Yeah, my original intent with git-subtree was to one day submit it as
basically a single patch against git.  That's why I have some slightly
suspicious commit messages in there (though in my defense, I think
*most* of the commit messages are quite sensible :)).

> After looking at the history of subtree branch there, however, I agree
> that it would not help anybody to have its history in my tree with log
> messages like these (excerpt from shortlog output):
> [...]
>      Docs: when pushing to github, the repo path needs to end in .git
> [...]

That commit message in particular I thought was perfectly fine; it's
specifically a fix to the git-subtree docs to clarify a question from
an actual user.

Overall I agree that there's little benefit in preserving the history,
at least as far as I can see, *except* that some code changes were
submitted by people other than me and squashing those changes might
conceivably cause licensing confusion down the road.  It's probably a
fairly quick exercise with git-filter-branch to get rid of the more
egregious commit message problems, if that's what we want to do.  (In
particular, just expurgating the entire 'todo' file from the history
probably makes plenty of sense.)

There's no value I can see in being able to do future merges from
outside the tree, so a filter-branch or rebase before merging should
be pretty harmless.

> The total amount of change does not look too bad, either:
>
>    $ git diff --stat master...origin/subtree
>     contrib/subtree/.gitignore         |    5 +
>     contrib/subtree/COPYING            |  339 +++++++++++++++++
>     contrib/subtree/Makefile           |   45 +++
>     contrib/subtree/README             |    8 +
>     contrib/subtree/git-subtree.sh     |  712 ++++++++++++++++++++++++++++++++++++
>     contrib/subtree/git-subtree.txt    |  366 ++++++++++++++++++
>     contrib/subtree/t/Makefile         |   71 ++++
>     contrib/subtree/t/t7900-subtree.sh |  508 +++++++++++++++++++++++++
>     contrib/subtree/todo               |   50 +++
>     t/test-lib.sh                      |   11 +-
>     10 files changed, 2114 insertions(+), 1 deletion(-)

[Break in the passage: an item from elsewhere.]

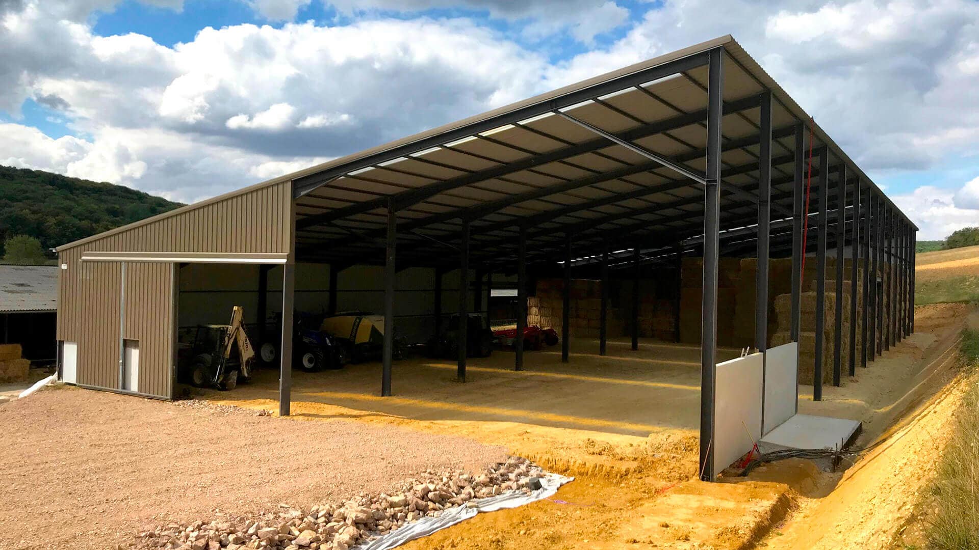 Techno Metal Post est capable de reprendre les charges de votre hangar point d'appui par point d'appui avec un terrassement limité ou inexistant. Point appréciable, les pieds de poteaux se fixent directement sur nos platines en têtes de Techno Metal Post sans éléments intermédiaires.

Note that COPYING, .gitignore, Makefile, t/Makefile, todo, and README
should probably be ditched if it weren't going into contrib.  The
interesting files are git-subtree.{sh,txt} and t7900-subtree.sh.

> I haven't looked at the script fully, but it has an issue
> from its first line, which is marked with "#!/bin/bash".  It is unclear if
> it is infested by bash-isms beyond repair (in which case "#!/bin/bash" is
> fine), or it was written portably but was marked with "#!/bin/bash" just
> by inertia.

I'm generally pretty careful to avoid bashisms, but since my /bin/sh
is bash, I usually mark scripts with /bin/bash just to be safe until
someone has actually verified them with a non-bash shell.  I expect
few if any problems with that part.

> A patch that corresponds to the above diffstat immediately
> shows many style issues including trailing eye-sore whitespaces.
>
> It seems that it is even capable of installing from contrib/subtree, so
> keeping it in contrib/ while many issues it may have gets fixed would not
> hurt the original goal of giving the script more visibility.

Personally, I would prefer to just iterate the patch a few times to
correct the coding style problems you see, rather than merging into
contrib where it might be forgotten rather than fixed.  As Peff
alluded, people who want to install it separately from git already
can; if we're going to merge it into git, let's do it right.